Cour administrative d'appel de Toulouse — Décision N° CAA31-24TL00529

mercredi 28 août 2024

JuridictionCour administrative d'appel de Toulouse
SectionCour administrative d'appel de Toulouse
N° DossierCAA31-24TL00529
TypeOrdonnance
Recoursexcès de pouvoir
PublicationD
FormationJuge des référés
Avocat requérantCAZANAVE

Texte intégral

Vu la procédure suivante :

Procédure contentieuse antérieure :

Mme C A a demandé au tribunal administratif de Toulouse d'annuler l'arrêté du 12 mars 2021 par lequel la préfète de l'Ariège a refusé de lui délivrer un titre de séjour et a prononcé sa réadmission d'office en Italie.

Par un jugement n° 2102012 du 14 mars 2023, le tribunal administratif de Toulouse a rejeté sa demande.

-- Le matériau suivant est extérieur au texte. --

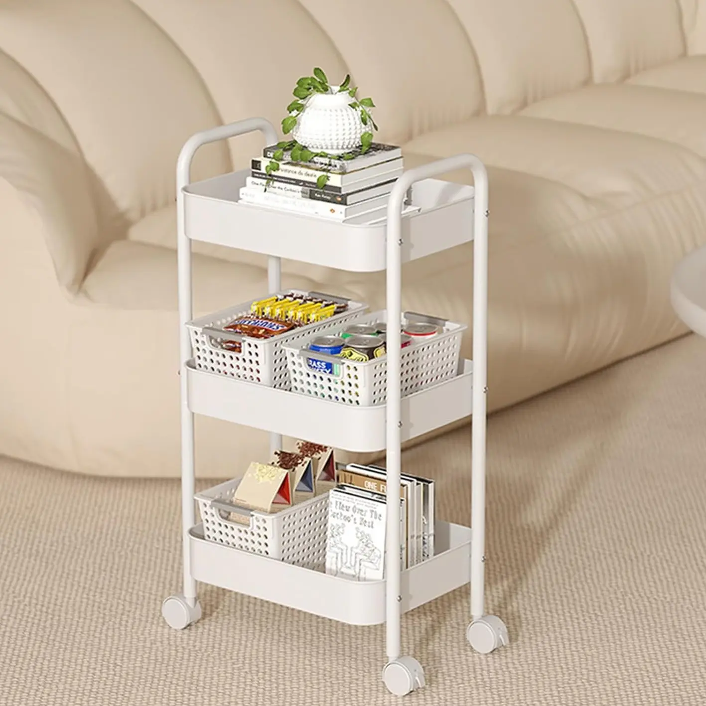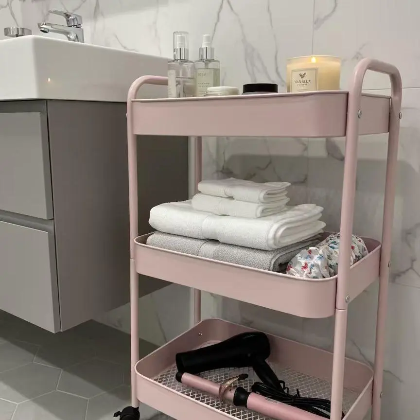 Three-layer metal multi-functional rolling trolley with lockable casters, easy to assemble, suitable for offices, bathrooms, kitchens, and dressing rooms. space-saving storage Miniature Storage home organization rack kitchen bathroom baby organizer

Procédure devant la cour :

Par une requête, enregistrée le 27 février 2024, Mme A, représentée par Me Cazanave, demande à la cour :

1°) d'annuler ce jugement ;

2°) d'annuler l'arrêté du 12 mars 2021 de la préfète de l'Ariège ;

3°) d'enjoindre à la préfète de l'Ariège, à titre principal, de lui accorder un titre de séjour au titre de la vie privée et familiale dans un délai d'un mois suivant la notification de l'arrêt à intervenir ou, à titre subsidiaire, de réexaminer sa situation dans un délai de deux mois à compter de la notification de l'arrêt à intervenir et, dans l'attente, de la munir sans délai d'une autorisation provisoire de séjour l'autorisant à travailler ;

4°) de mettre à la charge de l'Etat une somme de 1 000 euros à verser à son conseil en application de l'article L. 761-1 du code de justice administrative et de l'article 37 de la loi du 10 juillet 1991 sous réserve de renoncer à la part contributive de l'Etat au titre de l'aide juridictionnelle.

Elle soutient que :

Sur la décision portant refus de délivrance d'un titre de séjour :

- la préfète, en retenant qu'elle ne disposait pas d'un logement personnel, a commis une erreur de droit et une erreur d'appréciation au regard des articles L. 313-14-1 et R. 313-34-1 du code de l'entrée et du séjour des étrangers et du droit d'asile ;

- la préfète s'est estimée à tort placée dans une situation de compétence liée alors qu'elle dispose d'un pouvoir de régularisation dans le cadre du mécanisme de l'admission exceptionnelle au séjour ;

- au regard de la détention d'un titre de séjour longue durée sur le territoire de l'Union européenne, de ses perspectives d'intégration sur le territoire français liées à un contrat à durée indéterminée à temps complet et de la présence de l'intégralité de ses attaches familiales sur le territoire français, la préfète a commis une erreur manifeste d'appréciation en refusant de l'admettre au séjour de manière discrétionnaire en qualité de salariée ;

-la préfète de l'Ariège a porté une atteinte disproportionnée au droit au respect de sa vie privée et familiale tel que protégé par l'article 8 de la convention européenne de sauvegarde des droits de l'homme et des libertés fondamentales ;

Sur la décision de réadmission d'office en Italie :

-la décision portant remise aux autorités italiennes est illégale du fait de l'illégalité de la décision de refus de séjour ;

-cette décision porte une atteinte excessive à son droit au respect de sa vie privée et familiale.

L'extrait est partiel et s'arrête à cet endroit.